The released model is not a general table recognition model. It was only trained based on the PubTabNet dataset (containing images of cropped tables) to provide a training/testing demo. You may test it on the image that only contains table. To better fit your dataset, you may fintune the model on your own dataset.

We will consider to provide a general table recognition model in the future.

from davar-lab-ocr.

jigsawcoder avatar jigsawcoder commented on June 27, 2024

I've been trying to detect table structure using LGPMA on the images I provided. To do so, I modified the test_pub.py like this:

import cv2
import json
import jsonlines
import numpy as np
from tqdm import tqdm
from eval_pub.metric import TEDS
from eval_pub.format import format_html
from davarocr.davar_common.apis import inference_model, init_model
import glob

# visualization setting
do_visualize = 1 # whether to visualize
vis_dir = "/content/" # path to save visualization results

# path setting
savepath = "/content/" # path to save prediction
config_file = '/content/DAVAR-Lab-OCR/demo/table_recognition/lgpma/configs/lgpma_pub.py' # config path
checkpoint_file = '/content/maskrcnn-lgpma-pub-e12-pub.pth' # model path

# loading model from config file and pth file
model = init_model(config_file, checkpoint_file)


image_path = '/content/pdf_pages_img/*'

imgs = glob.glob(image_path)
imgs.sort(key = lambda x: int(x.split('_')[-1][:-4]))

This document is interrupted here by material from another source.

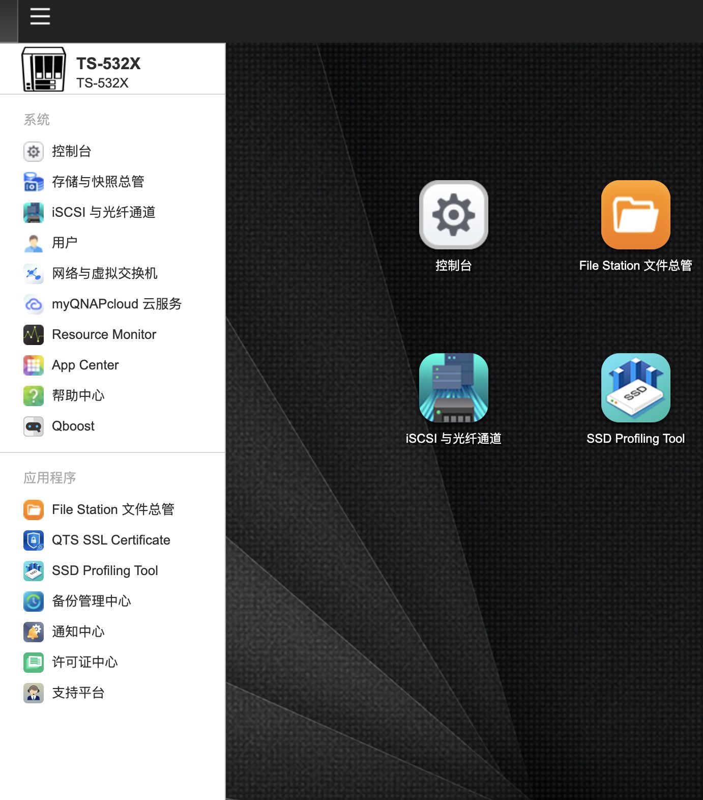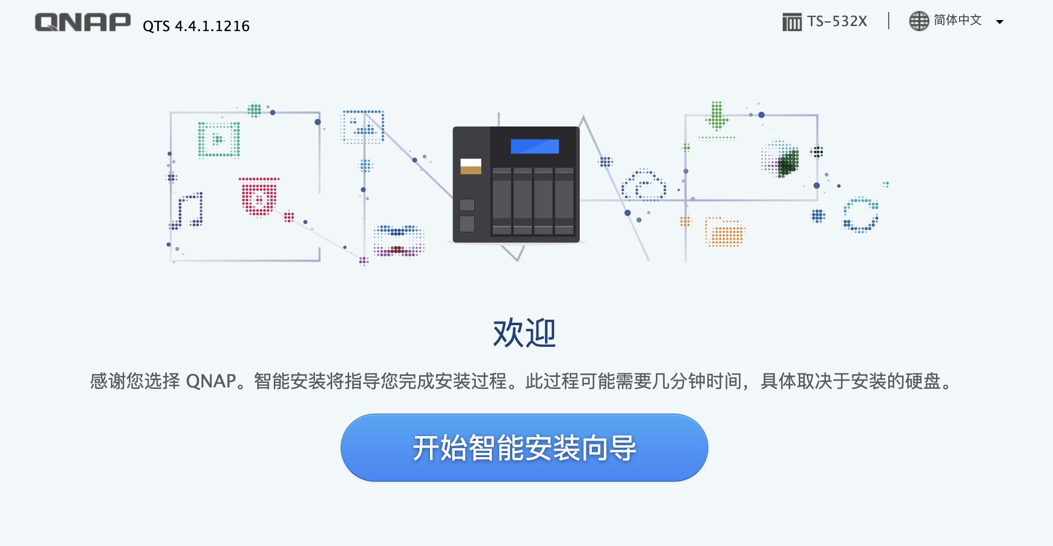 一会系统就安装成功了,图形化界面还是比较易懂的。最早用TS-453Bmini的时候,主要是被里面的各种设置选项绕晕了,后来玩了几个月的unRaid,回头看威联通的系统也变的相当简单了,其实按引导步骤来仔细看文字都能看懂,就有点像看富坚的《猎人》,后期漫画一个画面80%的篇幅全是文字,许多人都没有耐性了,但是精华内容也全在里面了。不过还是希望威联通在未来的系统里能更注重人机交互,降低新人门槛。好处是这种成品NAS系统怎么折腾都很难玩坏,之前unRaid里摸索各种设置导致系统崩溃重装了十几次。

# generate prediction of html and save result to savepath
pred_dict = dict()

for im in imgs:
    result = inference_model(model, im)[0]
    pred_dict[im]=result['html']
    # detection results visualization
    print(im)
    if do_visualize:
        img = cv2.imread(im)
        img_name = im.split("/")[-1]
        bboxes = [[b[0], b[1], b[2], b[1], b[2], b[3], b[0], b[3]] for b in result['bboxes']]
        for box in bboxes:
            for j in range(0, len(box), 2):
                cv2.line(img, (box[j], box[j + 1]), (box[(j + 2) % len(box)], box[(j + 3) % len(box)]), (0, 0, 255), 1)
        cv2.imwrite(vis_dir + img_name, img)

with open(savepath+'file.json', "w", encoding="utf-8") as writer:
    json.dump(pred_dict, writer, ensure_ascii=False)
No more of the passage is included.